Isaac Wilson

No. 16 – Colorado Buffaloes
- Position: Quarterback
- Class: Redshirt Sophomore

Personal information
- Listed height: 6 ft 0 in (1.83 m)
- Listed weight: 210 lb (95 kg)

Career information
- High school: Corner Canyon (Draper, Utah)
- College: Utah (2024–2025); Colorado (2026–present);

Awards and highlights
- Polynesian High School Football Player of the Year (2023);
- Stats at ESPN

= Isaac Wilson (American football) =

American football player

Isaac Lakeke Wilson is an American football quarterback for the Colorado Buffaloes. He previously played for the Utah Utes.

== Early life ==
Wilson attended Corner Canyon High School in Draper, Utah. As a freshman, he threw for 27 yards in three games as backup quarterback as his team won a state championship. As a junior, Wilson threw for 3,772 yards and 40 touchdowns and ran for 694 yards and five touchdowns, leading his team to a state championship game appearance. As a senior he threw for 4,508 yards and 49 touchdowns and rushed for 1,270 yards and 13 touchdowns, where he led his school to a 13-1 record and a state championship win.
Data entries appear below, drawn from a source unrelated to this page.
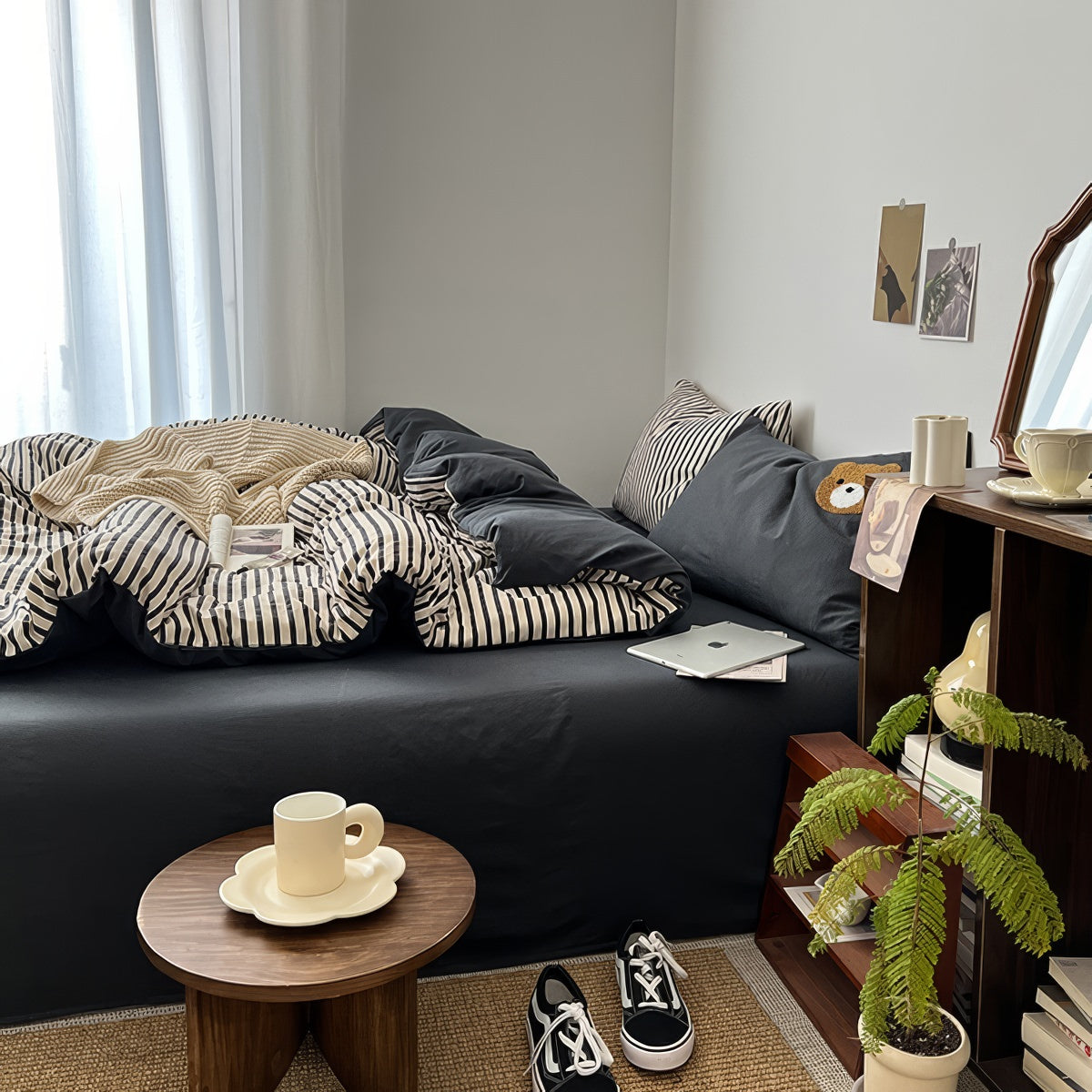 Połącz tę pościel z naturalnym drewnem, neutralnymi pledami oraz delikatnym oświetleniem, by podkreślić jej klasyczny charakter. Idealna do stworzenia spokojnej, przytulnej atmosfery — niezależnie od tego, czy urządzasz nowoczesne mieszkanie, pokój w stylu nadmorskim, czy codzienne domowe zacisze.
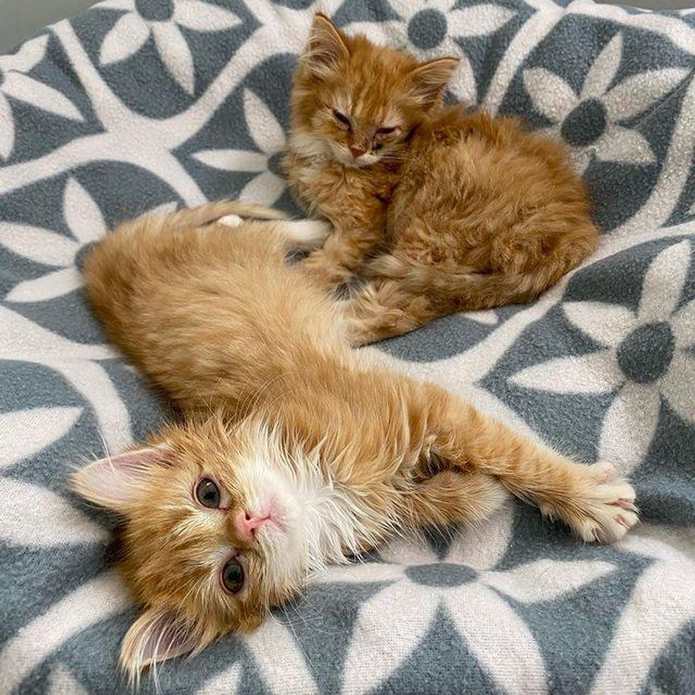 Twin kittens are so thrilled to have a comfy place to stay after being rescued from a tough situation.
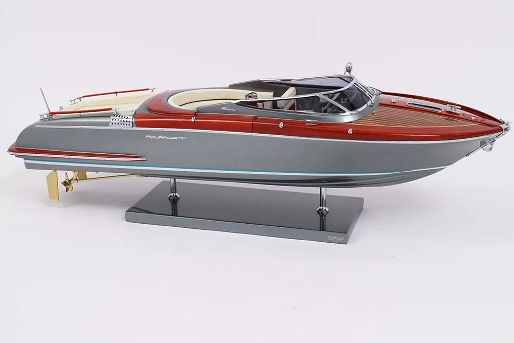 Dieses 56 cm lange Aquariva-Modell wurde im Maßstab 1:18 angefertigt. Als originalgetreue Nachbildung der eleganten Aquariva wurde dieses exklusive offizielle Modell vollständig von Hand gefertigt. Der Rumpf wurde nach den Originalplänen aus Glasfaser und Polyester gefertigt. Alle Beschläge sind aus verchromtem Messing und wurden von Juwelieren nach Maß angefertigt. Für die Sitze und das Sonnendeck wurde eine echte Schiffssattlerei verwendet. Das Deck wurde mit 10 Schichten Lack überzogen, um einen hervorragenden Glanz und eine hohe Lacktiefe zu erzielen. Auf dem Rumpf wird eine Metallic-Lackierung aufgetragen.
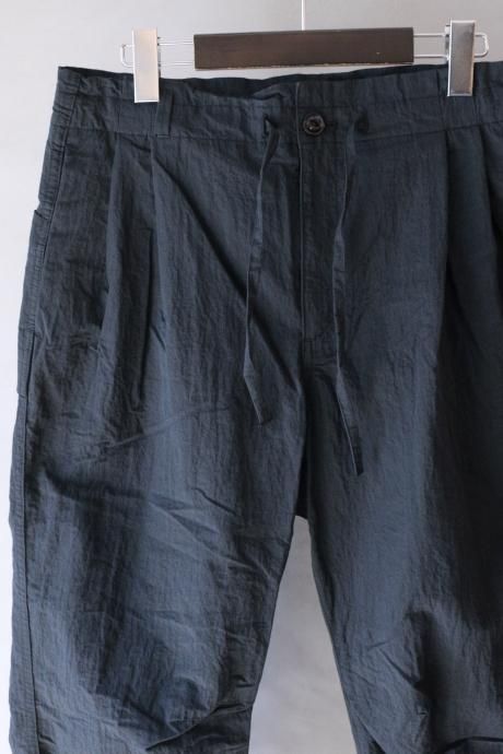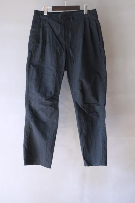 コットンナイロンウェザークロスを使用したイージーパンツです。腰回りに2つのタックを入れて、ゆとりを持たせたテーパードシルエットでが特緒です、膝横にダーツを設けているため、動きやすく綺麗なシルエットを描きます。
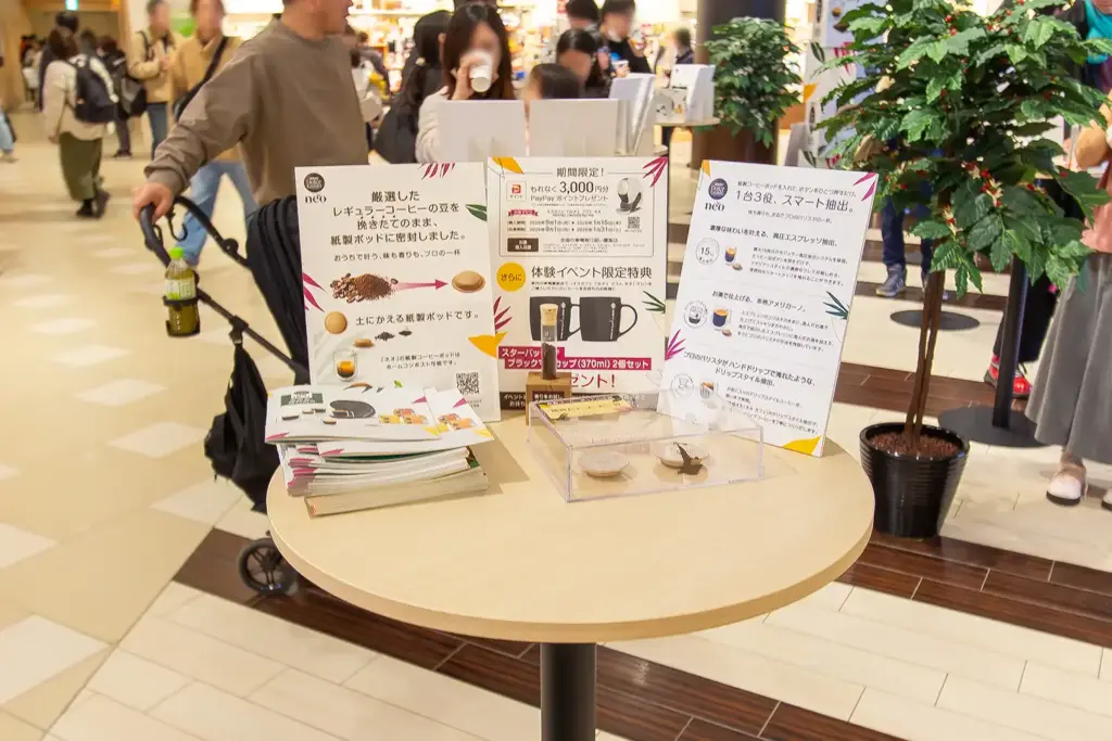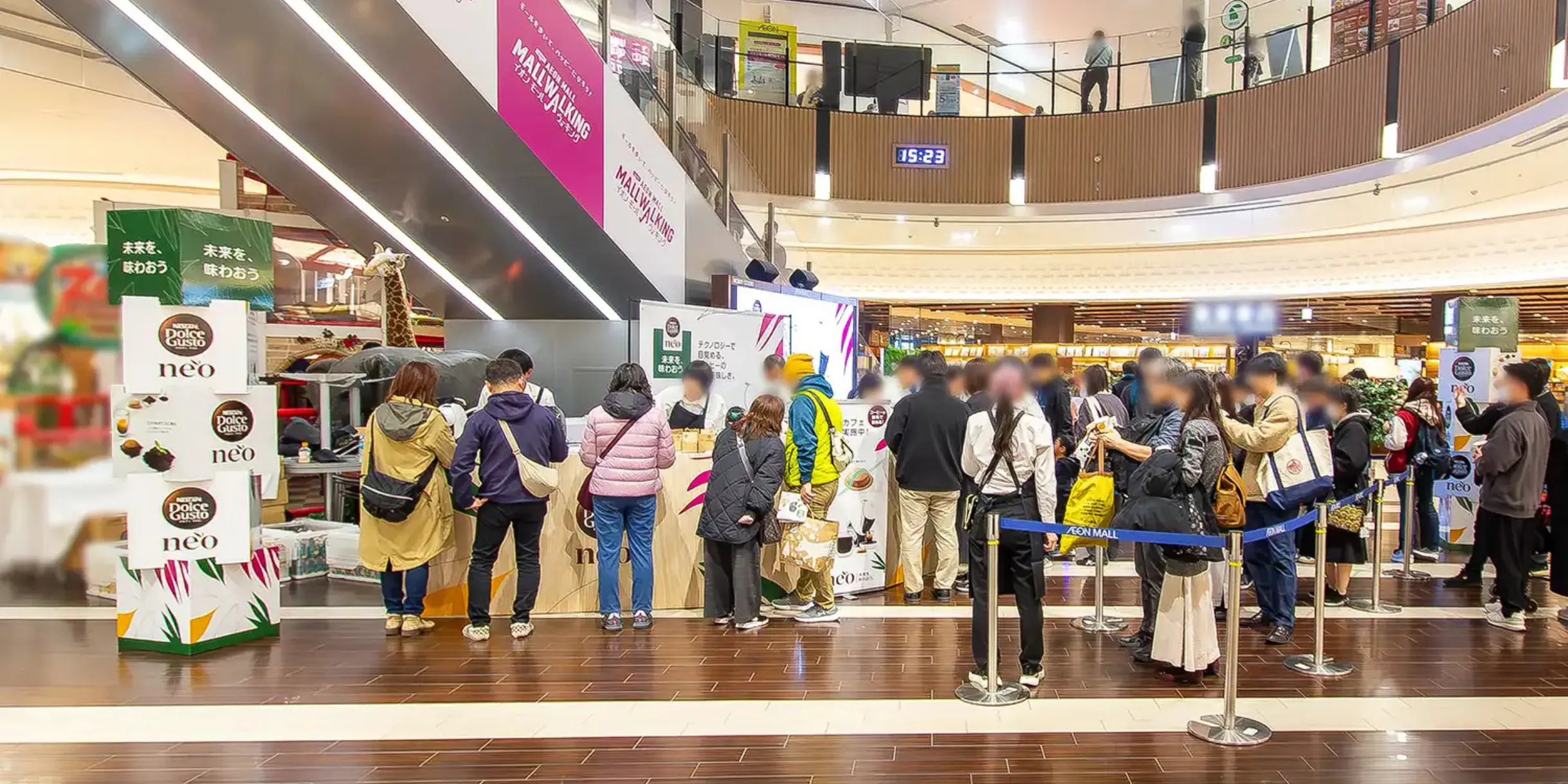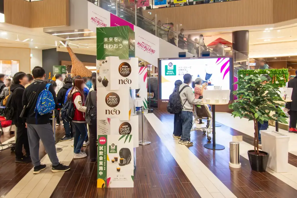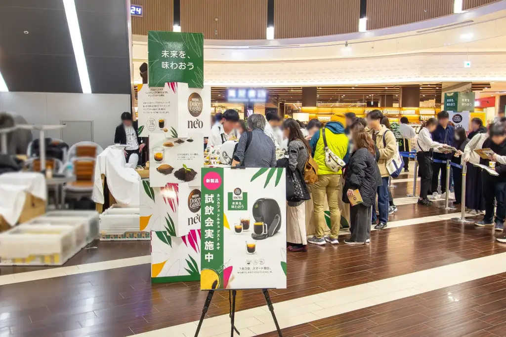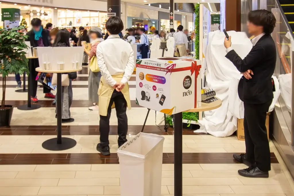 「ドルチェ グスト ネオ」発売後、試飲体験を通じて認知を広げ、新規ユーザーを獲得し、ブランド価値を高めることを目的に、全国の商業施設でプロモーションイベントが展開されました。短時間の接点でも製品の良さが伝わる試飲体験の設計が求められていました。

Wilson was named the Utah Gatorade Player of the Year and the co-Polynesian football player of the year.

===Recruiting===
Coming out of high school Wilson was rated as a four-star recruit and committed to play college football for the Utah Utes over offers from schools such as Arizona, Arizona State, BYU, Miami, and Oregon.

== College career ==
As a freshman in at the University of Utah in 2024, Wilson competed for the Utes backup quarterback spot. On December 8, 2024, he announced that he would enter the transfer portal. He withdrew from the portal on December 17.

=== Statistics ===

Year: Team; Games; Passing; Rushing
GP: GS; Record; Comp; Att; Pct; Yards; Avg; TD; Int; Rate; Att; Yards; Avg; TD
2024: Utah; 9; 7; 2–5; 127; 225; 56.4; 1,150; 6.7; 10; 11; 117.7; 61; 47; 0.8; 0
2025: Utah; 1; 0; 0–0; 0; 1; 0.0; 0; 0.0; 0; 0; 0.0; 3; 3; 1.0; 0
Career: 10; 7; 2–5; 127; 226; 56.2; 1,150; 6.7; 10; 11; 117.2; 64; 50; 0.8; 0

== Personal life ==
Wilson is the younger brother of former second overall pick and current New Orleans Saints quarterback Zach Wilson. Although he was baptized a member of the Church of Jesus Christ of Latter-day Saints, he is not an active member. His middle name, Lakeke, means 'jacket' in the Hawaiian language.